To use DLMS, we should prepare the dataset for using this model in accurate way. The dataset used in the DLMS is based on the average received power in the receiver. The average RSS technique uses the average received power for the samples for each point in the position of the track. We take these samples for measured received powers in different times, where the time difference between each sample is nearly 1 ns, where this is a very tiny time to ensure that there is not any extra change between samples. While the average KF method uses the estimated average received power for the samples, where the estimation is performed using the KF algorithm.

3.5 Proposed DLMs based under water localization

To solve various problems, pre-trained models are trained on a large benchmark dataset.
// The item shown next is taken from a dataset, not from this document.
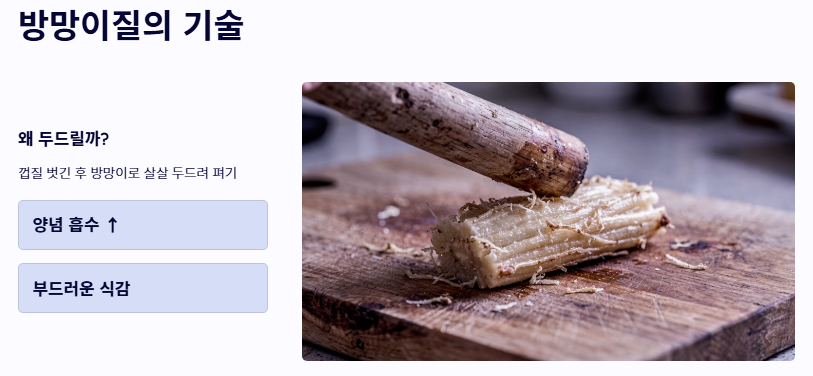 - 방망이질의 기술: 껍질을 벗긴 후 방망이로 살살 두드려 펴주면 양념이 더 잘 배어들고 부드러운 식감을 낼 수 있습니다.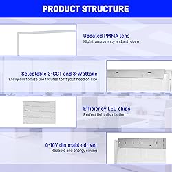 ✔HIGH PERFORMANCE - The LED Flat Panel Troffer light is designed with high-efficiency LED chips in 5000K color temperature, amazing brightness up to 5750 lumens. It's perfect for any home light: bedroom, kitchen, closet, bathroom, living room, garage, basement. ✔SELECTABLE WATTAGES - Our LED flat panel Ceiling light comes with 3 wattages tunable 30W/40W/50W, which offers soft and uniform light distribution through your space, sturdier construction, and no yellowing over time. ✔0-10V DIMMABLE - Smoothly dimming compatible with 0-10V dimmers (Dimmer Not Included). No flashing, No noise. Smooth PMMA cover with uniformity perfect light distribution. ✔EASY INSTALLATION - Drop Ceiling Panel Light can be built-in directly with slim installation depth. They can be mounted as a ceiling-mounted ceiling lights or suspended free-hanging luminaires to meet your lighting needs.

For the localization process in this study, four different pre-trained models (e.g., SSD, RetinaNet, ResNet50V2, and InceptionResNetV2) were used. All of the models have different convolution and pooling layers that are used to localize under water.

3.5.1 ResNet50V2 and InceptionResNetV2 DLMs

The ResNet50V2 (Chen et al. 2021) is the upgrade version of ResNet50. This architecture is based on skip connection, which allows us to take activation from one layer and feed it to the future layer. While, Inception-ResNet-v2 (Sarker et al. 2021) is the mutual architecture of the Inception with residual connections. Average Pooling 2D is used in the training process for ResNet50V2, and InceptionResNetV2 models to calculate the average for each patch of the feature map. Following that, we flattened the activations to create a vectorized feature map and connected two fully connected layers: one with 128 nodes and the other with 2-class classification \((x,z)\). The activations from the second fully connected layer were then fed into a softmax layer, which calculated the probability for each coordinate \((x,z)\). The DLMs parameters are explained in Table 3.

Table 3 Parameters of DNN models

3.5.2 SSD DLMs

The SSD (Single Shot Detector) algorithm (Wulandari et al. 2022) is a one-stage detection model that allows object localization and classification to be performed in a single neural network forward pass. SSD algorithm is said to be faster and simpler to train. The elimination of region proposals and the feature resampling stage results in a significant increase in speed. The received signal power are fed into the network, and the 2D cartesian coordinates \((x,z)\) are predicted using a single network. In several feature layers, SSD predicts the offset for default boxes of varying sizes and aspect ratios, and then applies a \(3 \times 3\) convolution to each feature dimension to provide box and class outputs. The outputs are then combined at the network's end to apply non-maximum suppression.

3.5.3 RetinaNet DLMs

Resnet-101 serves as the backbone network for RetinaNet (Wang et al. 2019), which is followed by two task-specific subnetworks: the classification subnet and the box regression subnet. The classification subnet is a fully convolutional network (FCN) that is connected to each FPN level and predicts the likelihood of an object being present at each spatial position. Furthermore, each pyramid level has a box regression subnet, which is also a small FCN. This subnet is in charge of regressing each anchor box's offset.

4 Results and discussion

4.1 Evaluation metrics

In order to achieve the superb robustness of proposed technique, various DL models are utilized. Here, we evaluate the performance of underwater localization for several DL models based on different strategies.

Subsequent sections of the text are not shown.